Tuesday, April 10, 2012
Living Room Toilet
I'm glad it's there. Last night I couldn't stop looking at it. They'll put it back where it belongs in a couple of days. After they tile the floor. But, right now, there is a freaking toilet in my living room.
We bought the place four and a half years ago. We liked everything about the condo except for the carpet in the master bedroom and the fact that the front bathroom had a bathtub but no shower. Plus, the bathtub that was in there was a spa tub from the dark ages. (Or the seventies? Whatever.) It was old and icky and I imagined there were worms and other creepy creatures living in the jets.

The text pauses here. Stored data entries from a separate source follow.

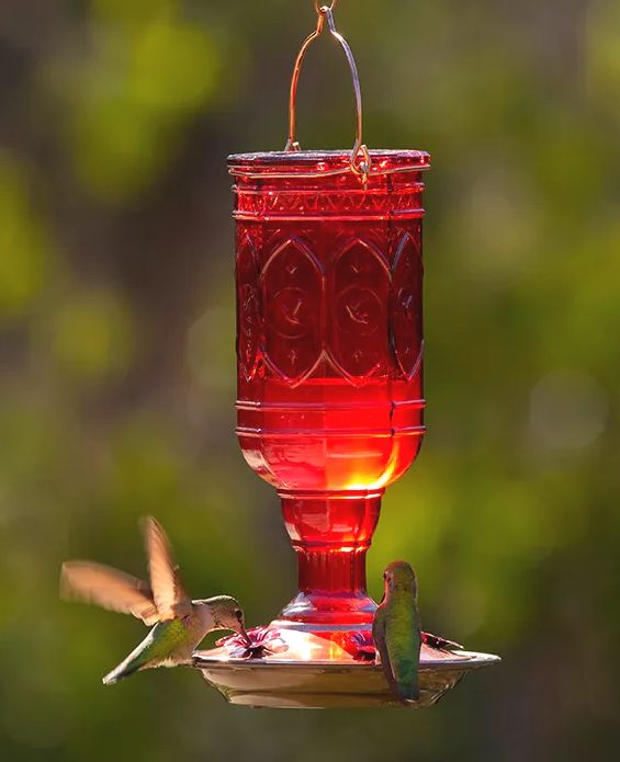 "The Jewel" features a metal perching ring that provides hummingbirds a place to perch while feeding, and there is a built-in metal hanger. To learn more about the Jewel Glass Hummingbird Feeder from More Birds, see More Birds® Jewel Red Glass Hummingbird Feeder | 76IN
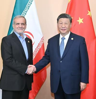 习近平指出,伊朗是具有重要地区和国际影响的国家,也是中国的好朋友、好伙伴。在世界百年变局加速演进背景下,中伊关系的战略意义更加突显。无论国际和地区形势如何变化,中方都将毫不动摇发展同伊朗友好合作。中方支持伊朗维护好国家主权、安全和民族尊严,稳步推进自身经济社会发展,改善并深化同周边国家的睦邻友好关系。中方愿同伊方坚定相互支持,维护不干涉内政等国际关系基本准则,维护两国的正当权益。中方愿同伊方加强各领域交流合作,推动两国全面战略伙伴关系健康稳定发展,更好造福两国人民。 习近平祝贺并欢迎伊朗首次作为正式成员参加金砖国家领导人会晤,指出中方愿同伊方在金砖等多边框架内加强合作,进一步提升全球南方的影响力和发言权,推动国际秩序朝着更加公正合理的方向发展。 佩泽希齐扬表示,中国是伊朗最重要的合作伙伴,伊中全面战略伙伴关系及各领域合作保持良好发展势头。伊方希同中方共同努力,落实好两国全面合作计划,推动两国在互联互通、基础设施、清洁能源等领域深化合作,取得更多成果,这不仅将助力伊朗国家发展,也有助于促进地区和平与稳定。伊方愿同中方继续在涉及彼此核心利益问题上坚定相互支持,共同反对霸权霸凌。感谢中方支持伊朗正式加入金砖合作机制,期待同中方在金砖国家等多边平台密切协作。 双方还就当前中东地区形势交换意见。习近平指出,中方对当前中东地区局势深感忧虑。尽早实现加沙停火止战,是缓和地区局势紧张的关键。国际社会应该形成合力,敦促有关各方切实履行联合国安理会决议,避免地区局势进一步动荡。 蔡奇、王毅等参加会见。
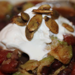 Pumpkorn is pumpkin seeds that are dry roasted with tamari garlic. They are scrumptious as a snack, and the seeds were especially appealing as a buggy garnish atop a sour cream dollop. Fresh cilantro created a swampy feel with its algae-like appearance.
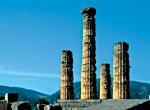 1.Центр древнегреческой религиозной жизни Дельфы расположены в уникально живописном месте – отсюда открывается вид одновременно на солнечную долину, поросшую оливами, Коринфский залив и горы Парнас. Ныне комплекс, некогда посвященный Аполлону, представляет собой развалины. Общая площадь его фундамента – около 60 метров в длину и 24 в ширину. Именно за этими дорическими колоннами, между которыми раньше стояли статуи Аполлона, Артемиды, Диониса и Лето
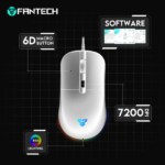 Fantech VX9S Kanata Wired Gaming Mouse, RGB Lighting, 60 IPS Speed, 20G Acceleration, A725F Chipset, Adjustable 400-7200 DPI, Huano 10 Million Switch, White | VX9S-White
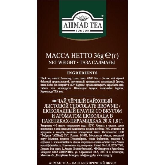 Чай "Ahmad Tea" Шоколадный брауни, черный, листовой, пирамидки, 20х1,8г интересное:

"No problem!" we said. "We can fix these things easily! We'll make these changes immediately! We'll make this place exactly what we want!"
And, we did. I mean, we ripped out the carpet and put in awesome cork floors. We painted and bought new furniture. We changed out the cabinets in the kitchen for open French-style shelving. But, the bathroom remained the same.
We showered in the back bathroom. We got used to it. I mean, we'd shared a shower in Silver Lake for five years. Every time someone came to stay with us, we'd say, "Guess what? Next time you come, you'll have your own shower! That's next on our list."
I took baths in the old ass bathtub, never turning on the spa function. When I cleaned the tub, I took way too long trying to make it look new and sparkly. But, it was never new and sparkly. And, I never loved it.
So, four and a half years later, it's all happening. They're putting in a kick-ass shower and a new sparkly tub. They'll be awesome white subway tile and fancy new hexagonal floor tile when they're done. I've been working at coffee shops this week because it's too loud and crazy to be in my office. The dog is in doggie day care so he doesn't growl at the contractors or trip somebody who happens to be carrying my shiny new perfect awesome lovely super bath tub. (It's extra deep! It's pretty! It's MINE!) We are annoying our neighbors and spending way too much money. There is a layer of dust all over everything. It's totally putting me out and inconvenient and there's a toilet in my living room.
And, I couldn't be happier, you guys.